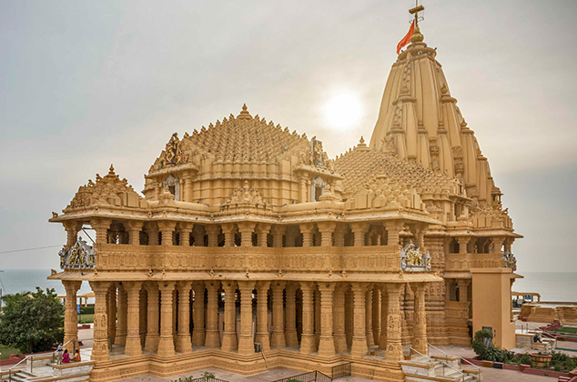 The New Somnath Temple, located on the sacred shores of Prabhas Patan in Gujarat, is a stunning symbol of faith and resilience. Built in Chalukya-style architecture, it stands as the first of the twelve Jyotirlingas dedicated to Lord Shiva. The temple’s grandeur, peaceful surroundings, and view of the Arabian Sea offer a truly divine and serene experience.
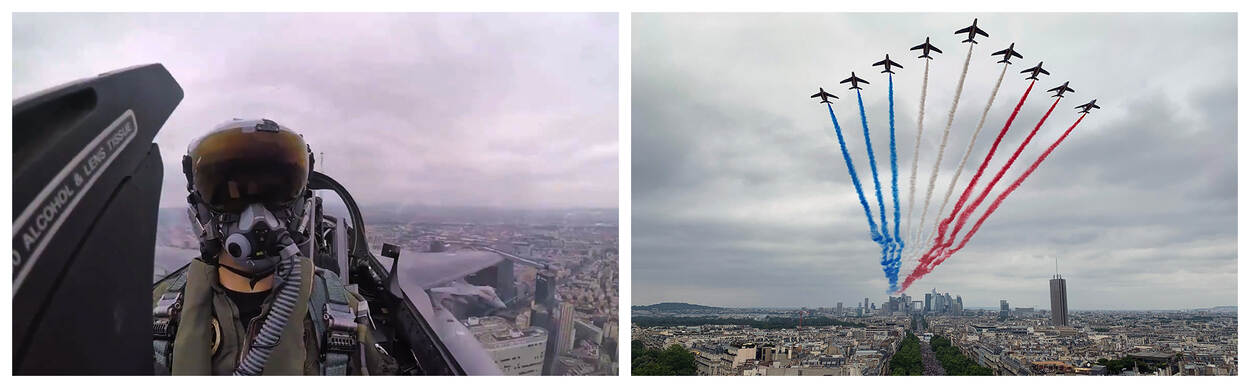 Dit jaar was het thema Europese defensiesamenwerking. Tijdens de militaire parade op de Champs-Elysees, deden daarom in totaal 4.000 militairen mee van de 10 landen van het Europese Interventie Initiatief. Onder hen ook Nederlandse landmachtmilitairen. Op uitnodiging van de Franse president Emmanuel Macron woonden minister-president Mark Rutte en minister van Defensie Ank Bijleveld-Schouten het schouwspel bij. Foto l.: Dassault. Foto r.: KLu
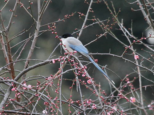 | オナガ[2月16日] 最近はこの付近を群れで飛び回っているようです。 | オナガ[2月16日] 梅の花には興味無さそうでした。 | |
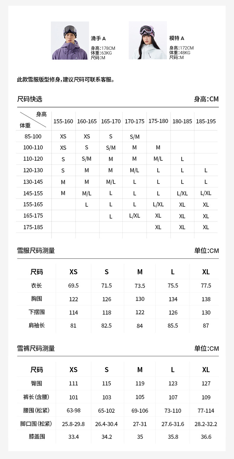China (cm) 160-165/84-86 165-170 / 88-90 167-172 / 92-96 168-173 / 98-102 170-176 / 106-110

_ _ _ _

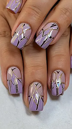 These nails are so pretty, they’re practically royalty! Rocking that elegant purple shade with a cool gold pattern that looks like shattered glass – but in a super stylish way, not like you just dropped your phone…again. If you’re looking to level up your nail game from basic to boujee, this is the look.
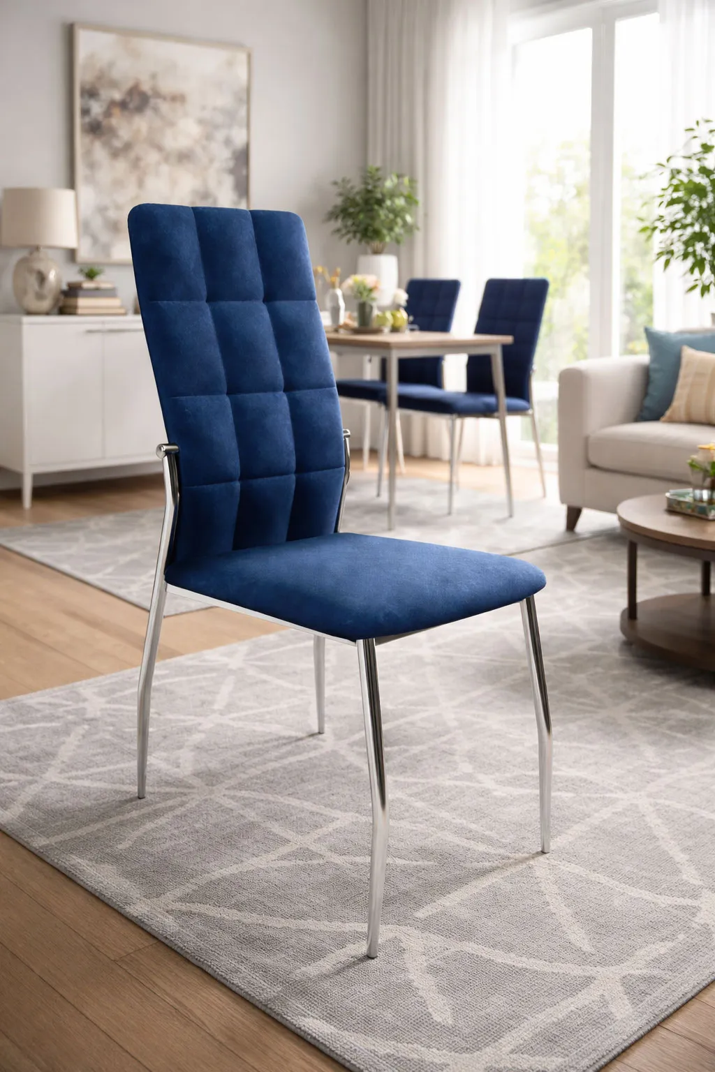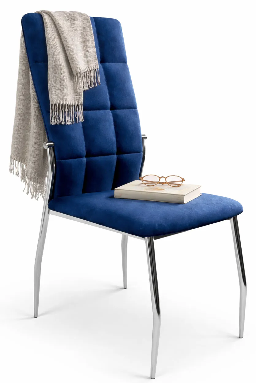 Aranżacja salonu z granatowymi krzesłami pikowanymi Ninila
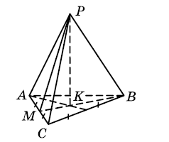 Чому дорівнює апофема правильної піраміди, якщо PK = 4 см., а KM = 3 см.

_ _ _ _

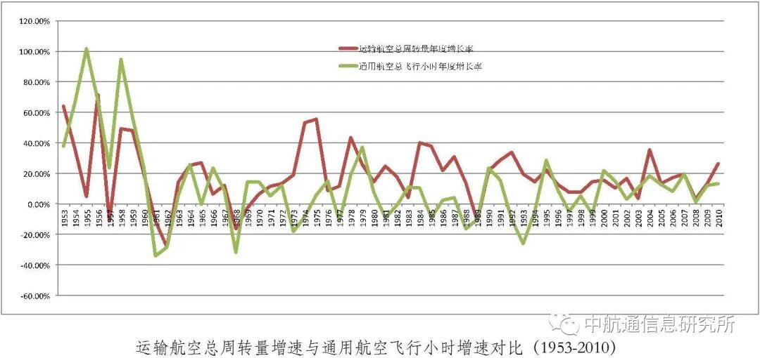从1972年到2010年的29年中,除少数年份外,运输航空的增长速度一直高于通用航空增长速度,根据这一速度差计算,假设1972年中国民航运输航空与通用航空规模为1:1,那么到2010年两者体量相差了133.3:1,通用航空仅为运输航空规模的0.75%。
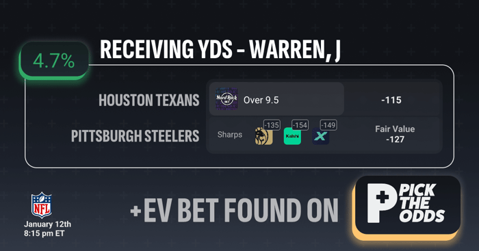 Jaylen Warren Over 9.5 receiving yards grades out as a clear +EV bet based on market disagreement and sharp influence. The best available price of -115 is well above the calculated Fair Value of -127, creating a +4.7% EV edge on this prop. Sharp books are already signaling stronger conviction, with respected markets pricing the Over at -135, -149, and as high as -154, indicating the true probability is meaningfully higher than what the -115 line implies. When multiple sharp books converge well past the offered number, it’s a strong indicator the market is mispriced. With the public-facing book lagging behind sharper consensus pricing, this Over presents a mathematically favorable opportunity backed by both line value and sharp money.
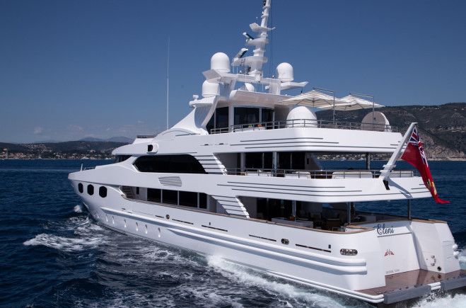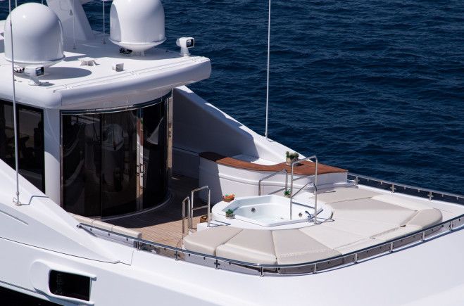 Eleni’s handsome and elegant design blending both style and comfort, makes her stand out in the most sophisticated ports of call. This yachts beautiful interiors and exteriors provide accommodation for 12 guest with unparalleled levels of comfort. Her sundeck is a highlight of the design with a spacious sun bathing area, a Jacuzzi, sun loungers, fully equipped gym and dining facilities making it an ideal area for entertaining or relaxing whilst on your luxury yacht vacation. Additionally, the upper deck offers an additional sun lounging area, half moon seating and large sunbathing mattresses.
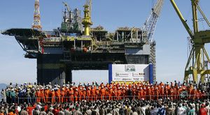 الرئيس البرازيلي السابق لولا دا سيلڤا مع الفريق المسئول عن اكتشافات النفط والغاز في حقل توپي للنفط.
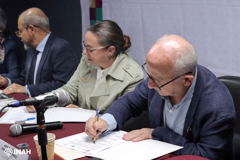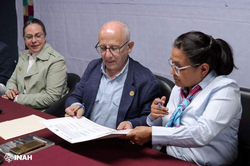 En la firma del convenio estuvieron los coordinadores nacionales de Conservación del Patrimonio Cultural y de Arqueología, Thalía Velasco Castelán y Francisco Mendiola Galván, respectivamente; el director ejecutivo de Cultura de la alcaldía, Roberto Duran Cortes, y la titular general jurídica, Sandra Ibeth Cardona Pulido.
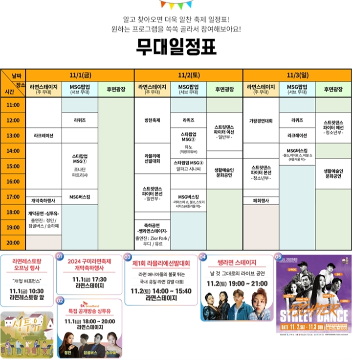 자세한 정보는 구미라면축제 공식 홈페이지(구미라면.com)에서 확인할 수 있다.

_ _ _ _

_What is expected_
What to print is the stretch of entries from the line with "Aranżacja salonu z" up to and including the line with "Чому дорівнює апофема". Please print it exactly and leave out the pictures.

_Exercise output_
 Aranżacja salonu z granatowymi krzesłami pikowanymi Ninila
 Чому дорівнює апофема правильної піраміди, якщо PK = 4 см., а KM = 3 см.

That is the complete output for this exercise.